I have a platformer room that is a sprite map but want to be able to rotate/flip the map so I can get several rooms out of a single drawn room.

My alternative is to use the map as a blueprint and then just draw the sprites myself in the loop at coordinates so I can rotate them that way, but sounds like quite a bit of effort (for me and the P8). So hoping I can manipulate the sprite map somehow.

P#23490 2016-06-23 10:34 ( Edited 2016-06-24 03:55)

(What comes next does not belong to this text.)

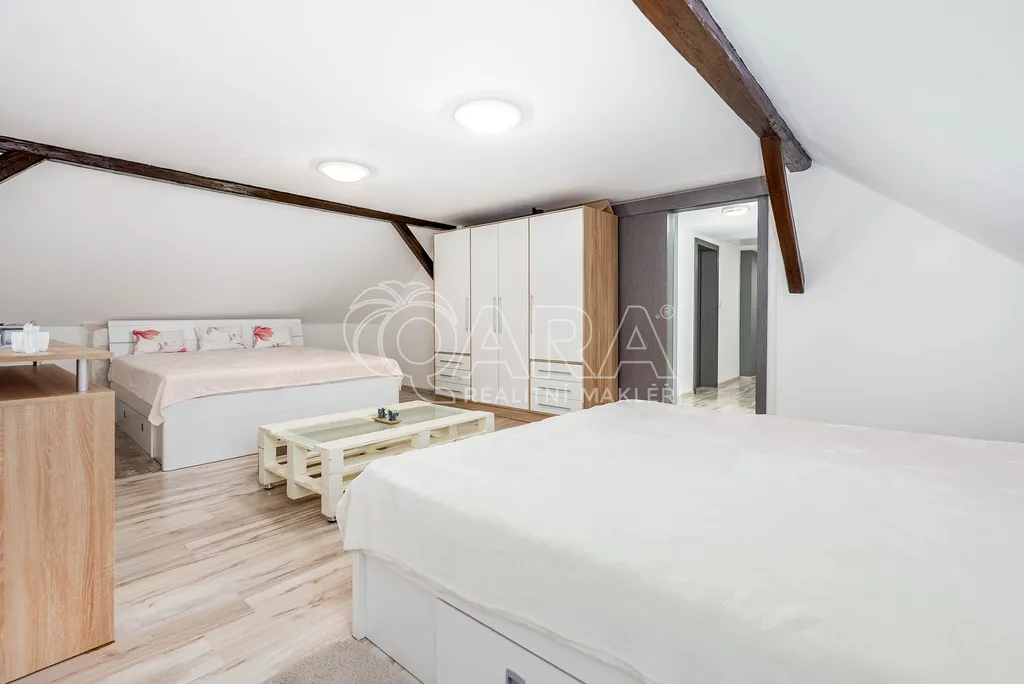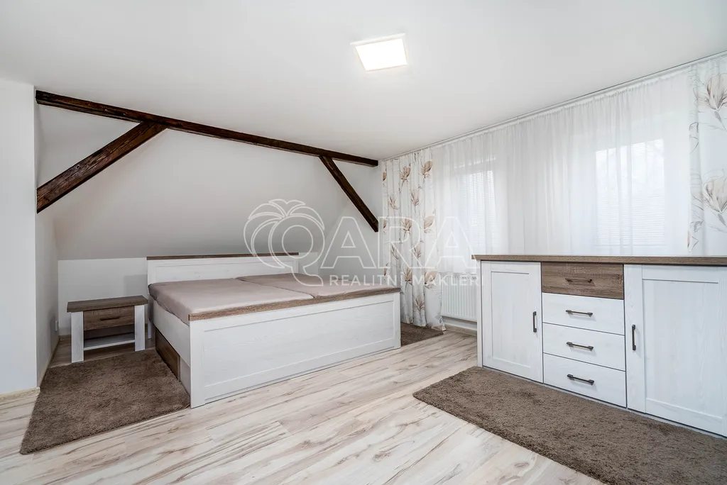 2 velké ložnice, 1 z nich s vlastní šatnou, dále pak pokoj a samostatná toaleta s umyvadlem. Z chodby je přístup výsuvnými schůdky na půdu (uložení méně potřebných věcí).
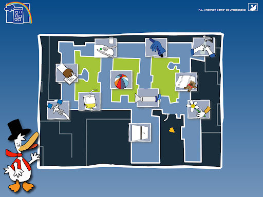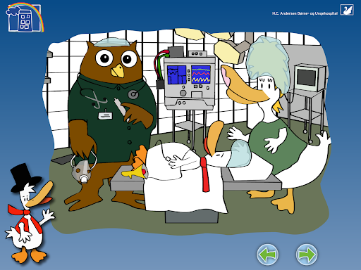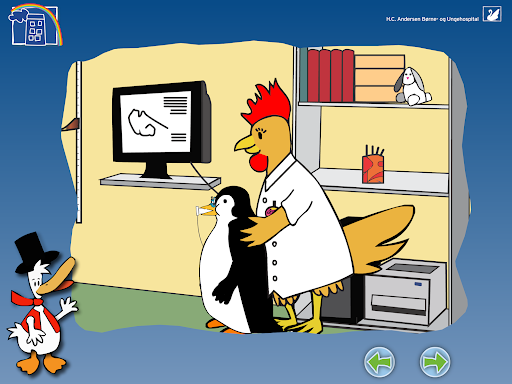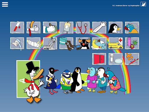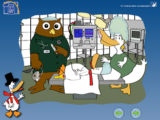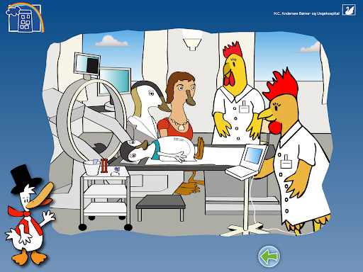 "HC And - På hospitalet" contains a wide selection of general preliminary examinations, which are used in connection with investigation and treatment. In addition, a section on "daily life" when you are admitted to a hospital. The information is spoken - by a child's voice - and animation in the genre "Learning through play with tablet/mobile phone/touch screen".

You can't flip the sprite map per se, but there's a few tricks you could do (which approach the problem in an entirely different way):

First, you could have a section dedicated to just map generation (maybe an 8x4 group of tiles). Then, you'd iterate and copy it to a "volatile" section, but in reverse. Your worldgen process would just read from the volatile area while you do whatever logic you need to prepare it. This is probably fairly token intensive.

Another option could be using sprites. Each sprite uses just two colors (eg white and black), with white indicating a valid location. You'd take a blank screen, and at every location, draw your sprites randomly. Then, just iterate over the image and convert it to an array or whatever you'd like. You can also do multiple draw passes so that doors, walls, etc only show up on specific pixel colors.

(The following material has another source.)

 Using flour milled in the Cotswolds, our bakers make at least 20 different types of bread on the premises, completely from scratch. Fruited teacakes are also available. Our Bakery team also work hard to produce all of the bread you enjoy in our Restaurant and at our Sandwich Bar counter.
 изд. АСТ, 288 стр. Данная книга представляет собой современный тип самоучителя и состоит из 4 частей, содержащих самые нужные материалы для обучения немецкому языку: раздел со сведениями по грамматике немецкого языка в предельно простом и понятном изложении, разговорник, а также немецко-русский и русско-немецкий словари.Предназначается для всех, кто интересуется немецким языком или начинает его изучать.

Other people might have a simpler way to accomplish what you want, though.

P#23495 2016-06-23 13:04 ( Edited 2016-06-23 17:04)

Is it for psuedo randomly generated maps? Like spelunky so you can have the same room a few times per game and it can be different? I'm not sure I fully understand the question but you could scan the map into a 2 dimensional table on _init() and then rotate or flip the coordinates of any of the "rooms" inside those sections of the table?

P#23497 2016-06-23 13:33 ( Edited 2016-06-23 17:33)

Yes, it's the Spelunky-ish model...using the same 32x32 room layout and flipping it around so 1 room could give me 4 options in a screen of 15 rooms.

Reading a map into a coordinates table might be the path of least resistance. I was trying to avoid having to draw all those sprites every loop but I'm thinking that's only way to get that feature if I want it.

Although for now I think I might just make a lot of map rooms and randomize those. I'm only using 15 blocks per level so if I make 24 different rooms, even not flipped, once they're jumbled up it might be okay. It'll prove the game concept that way before I spend time on something I might not need.

P#23499 2016-06-23 14:13 ( Edited 2016-06-23 18:13)

Just have a variable that when you flip it, draws the tiles "top to bottom" instead of "bottom to top," or "right to left" instead of "left to right." /GauntletIItricks

FWIW, most of my projects involve some dynamic level generation too, so I feel the frustration. I had to abandon my Metroidlike one because keeping a table of scenes that big was too much; even generating it properly made me hit the token wall. So now I'm going with sets of premade mini-maps instead, and just making some probabilistic object generation.

P#23501 2016-06-23 15:45 ( Edited 2016-06-23 19:47)

^ You can also swap the X/Y indexes while you're iterating it. This is call transverse. You can also do a transverse+flip to make a rotation happen.

P#23503 2016-06-23 16:03 ( Edited 2016-06-23 20:03)

Could you not copy the map content into a table and flip/rotate the "rooms" you want then write over the current room in the map with its flipped rotated version? Then draw that onto the level. If you did this at the start of each level. Plus with if every room can be flipped and rotated and you only draw over the same rooms with the same room you will never lose any of the original rooms just their original orientations :)

P#23504 2016-06-23 16:13 ( Edited 2016-06-23 20:13)

Just for fun, here are some routines for flipping a region of the map in place:

Cart #23522 | 2016-06-24 | Code ▽ | Embed ▽ | License: CC4-BY-NC-SA

Though as others mentioned, it sounds like what you actually want is to copy a region of the map reserved for room storage into a region of the map used for rendering, possibly transforming the region in the process. Then you can use map() to draw the playable region after generating the level.